NOPR working group co-chair R. Edward Coleman, MD, professor of radiology and chief of the division of nuclear medicine at Duke University School of Medicine in Durham, N.C., and study author, observed, “We were especially surprised by the impact of the PET findings on patients who were originally planned to have a biopsy.”

Oncologist, NOPR working group co-chair and study author Anthony F. Shields, MD, professor of medicine and oncology at the Karmanos Cancer Institute at Wayne State University in Detroit and chair of ACRIN’s Oncology Committee said of the research findings, “These results confirm what we suspected from increasing experience with PET. However, we lacked the significant data required to prove the benefit of PET for many uncovered indications. It’s very encouraging that oncologists and other clinicians may have access to the valuable information PET affords for ensuring the best patient care.” 

“These data confirm what we have known for some time: molecular imaging is a powerful tool in diagnosing, treating, and monitoring disease and is capable of dramatically changing the course of patient care,” commented SNM President Alexander J. McEwan, MD, professor and chair of the department of oncology, faculty of medicine, at the University of Alberta and director of oncologic imaging at Cross Cancer Institute in Edmonton, Canada.

“For oncologists, we’re getting a much better idea of how to use this technology in patients with cancer,” McEwan said. “The NOPR study demonstrates that PET has a role in a number of cancers for which we now have evidence we didn’t have before.”

To further a better understanding of the NOPR results and their meaning for clinical practice, as well as the appropriate use of PET technology in cancer imaging, McEwan said that SNM is closely working with both ASCO and the American Society for Therapeutic Radiology and Oncology (ASTRO) to develop more teaching courses for their members as well as ongoing involvement in one another’s conferences.
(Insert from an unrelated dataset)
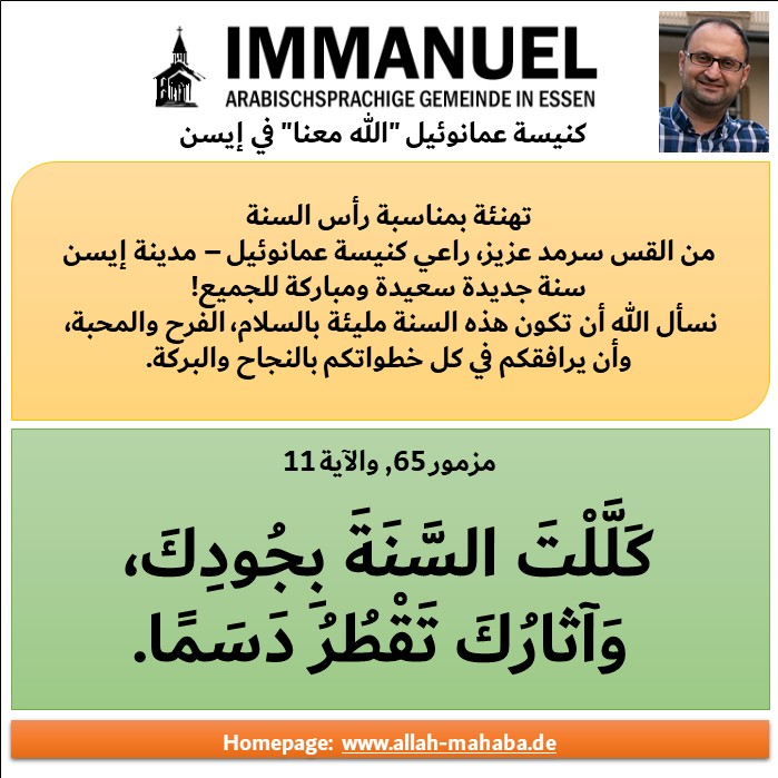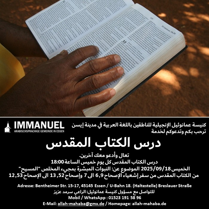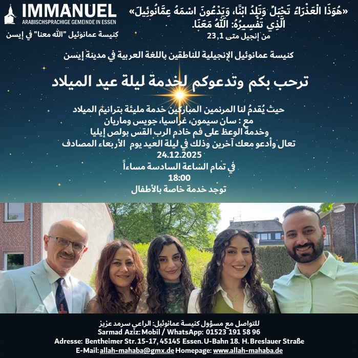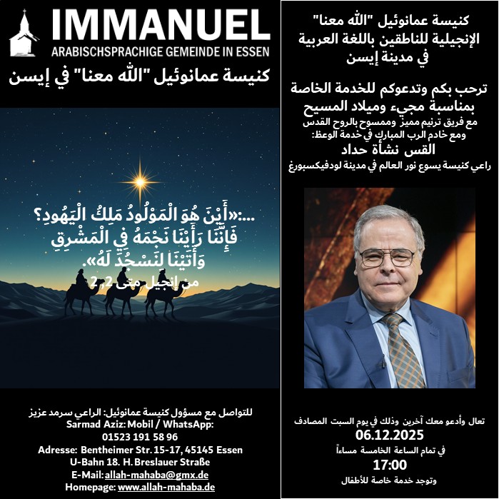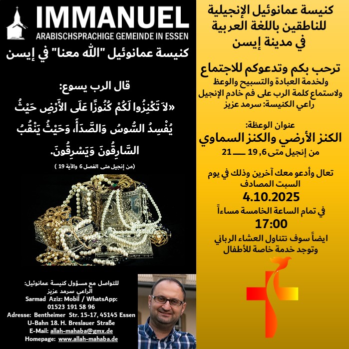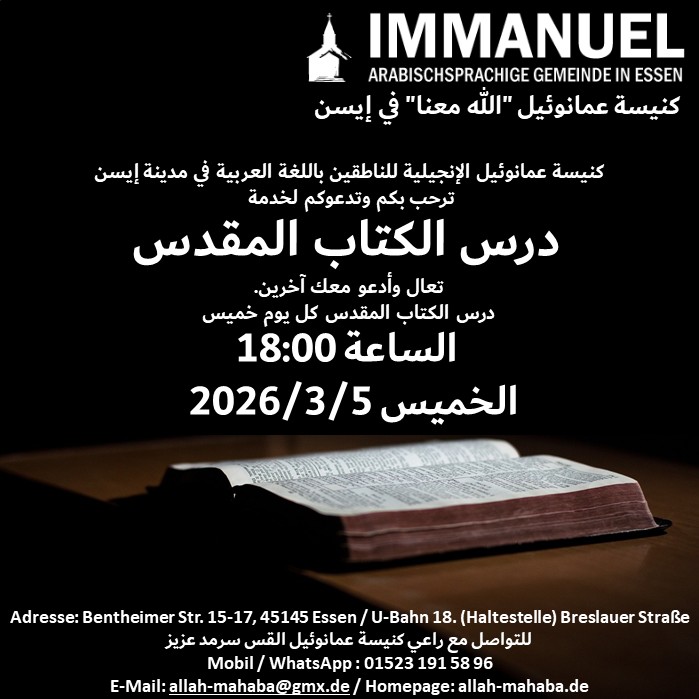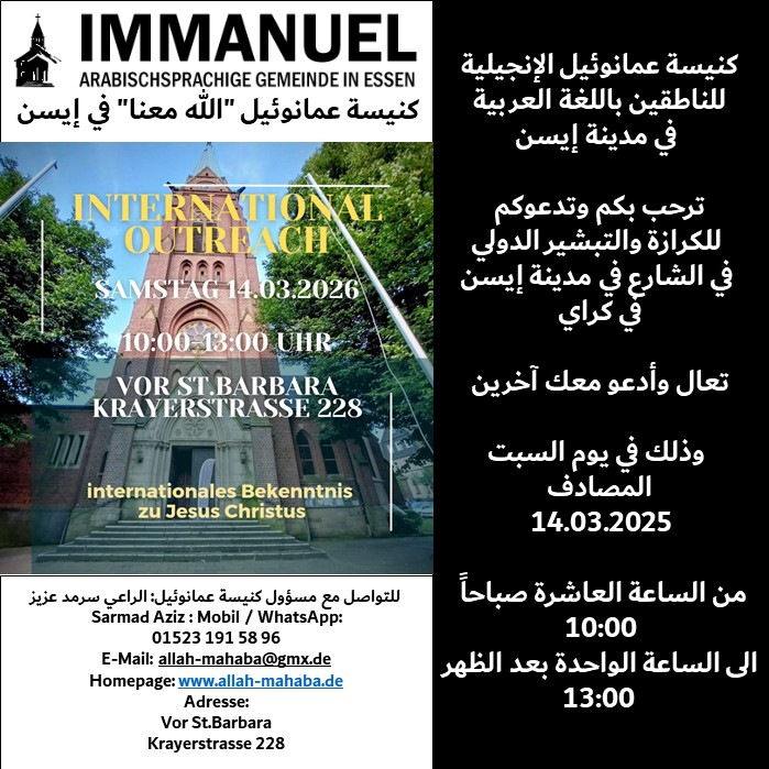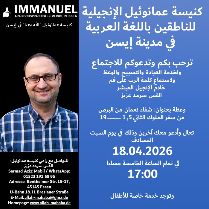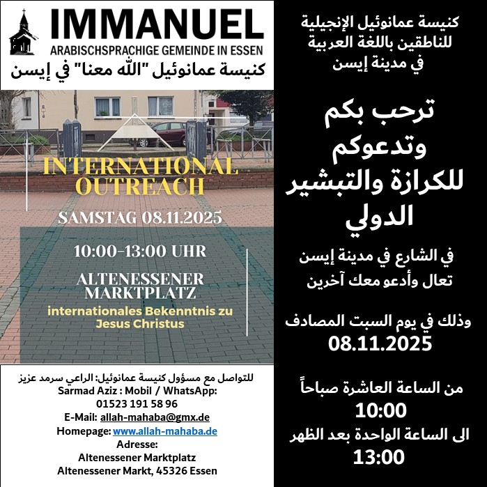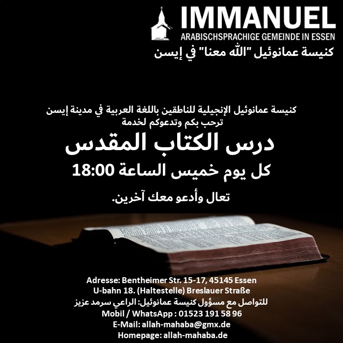 هل أنت تبحث عن كنيسة عربية انجيلية في مدينة إيسن؟ هل تحتاج الى الكتاب المقدس او الإنجيل باللغة العربية؟ هل تبحث عن اجتماع فيه تعبد الله وتصلي وتسبح الرب؟ هل تريد ان تتعمق في كلمة الرب وتعرف مشيئة الله في حياتك وتسلك بحسب وصايا الله؟انا ادعوك لكي تتواصل معي فسوف اساعدك على ذلك. تحياتي الحارة اخوكم الراعي سرمد

On the basis of its research findings, NOPR has formally asked CMS to reconsider its current National Coverage Determination (NCD) on FDG-PET and requested that it provide Medicare coverage of FDG-PET for diagnosis, staging and restaging across all oncologic indications. CMS is expected to issue a formal response to the NOPR request by October this year.

“The NOPR Working Group was careful to consider the impact of including or excluding in their analysis cases where the pre-PET treatment plan was already imaging,” said AMI president Timothy McCarthy, PhD, in a letter to Steve Purrough, MD, CMS director, coverage and analysis group. “Yet, even assuming that PET provided no advantages for those patients with pre-PET imaging plans, the NOPR Working Group’s ‘worst-case estimate’ [in their words] was that PET would nevertheless be associated with a major change in treatment in nearly 20 percent of patients.”
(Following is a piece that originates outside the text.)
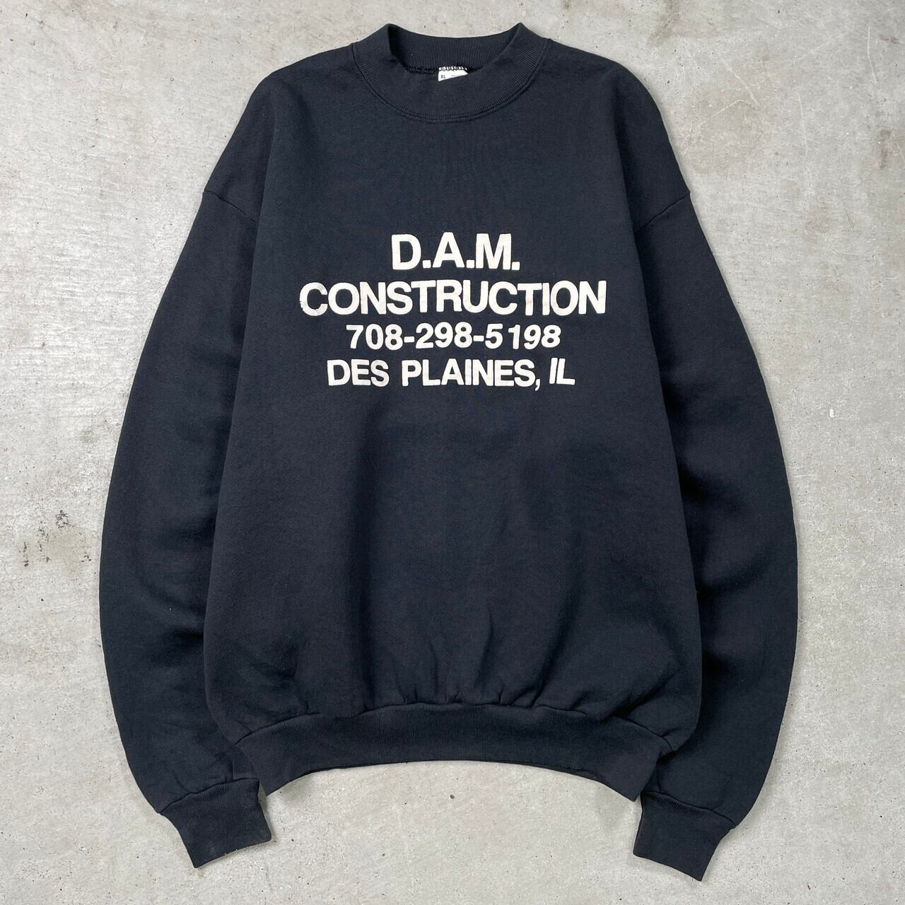 ■90年代 USA製 D.A.M CONSTRUCTION プリント スウェットシャツ メンズXL 古着 90s VINTAGE ヴィンテージ トレーナー ダム 黒色【スウェット】/ブラック

“NOPR afforded oncologists and nuclear medicine physicians a unique opportunity to make PET available to Medicare beneficiaries and to improve our understanding of the role of PET in oncology practice,” said study author Barry A. Siegel, MD, professor of radiology and chief of the division of nuclear medicine at the Mallinckrodt Institute of Radiology at Washington University in St. Louis, chair of ACRIN’s PET Imaging Core Laboratory, and NOPR working group co-chair. “Based on these data, Medicare should strongly consider opening up the coverage to include diagnosis, staging and restaging for all cancers.”